What those pitchers do with those innings is even more important — if a pitcher isn’t any good, it doesn’t matter if he’s healthy.

“The big thing from college to professional baseball is you can get away with a decent pitch in college baseball where guys will chase it,” Saarloos said. “You’re not going to have success when you start getting into the higher echelons of the minor leagues in professional baseball if you only have a trick pitch for guys to swing at out of the zone. For me it’s all based off of commanding and using both sides of the plate with the fastball. You have to be able to get really, really good hitters out within the strike zone to be successful in the big leagues.”

After two years of riding elite pitching to Omaha, the expectations are extremely high for TCU, even after losing five pitchers to the draft coming into this year. Among the departures is Preston Morrison, a Saarloos favorite now in the Cubs organization.

“We were similar, so I think he had the same makeup and temperament and thought processes as I did, so it’s fun,” Saarloos said. “It’s fun to coach a four-time All-American, right? I’ll take a couple more of those.”

This year, Saarloos is charged with creating his next Morrison, either out of an elite recruit like Baker, or a less conventional prospect.

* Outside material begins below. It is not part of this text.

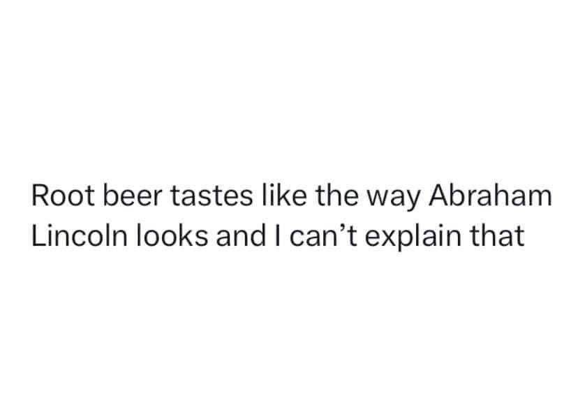 "Root beer tastes like how Abraham Lincoln looks." Ha, when I was little my mom during kraft time would prompt: "What color is 5?" I was always adamant in my choices of colors. 100% its red. : )

“I think the big thing is we don’t have that guy that you hang your hat on and say, ‘Wow, that guy’s 94-97, and it’s 2-0. Let’s just throw a fastball, because we’re going to beat them with velocity,’ ” Saarloos said. “There’s a bunch of ways to beat hitters, and I think the guys are figuring out how to do that in terms of moving the ball around and changing speeds. It’s going to look different — it’s not as sexy, but for me, I think it’s actually even more fun than in years past.”

Which shouldn’t be surprising, since it’s another chance to teach.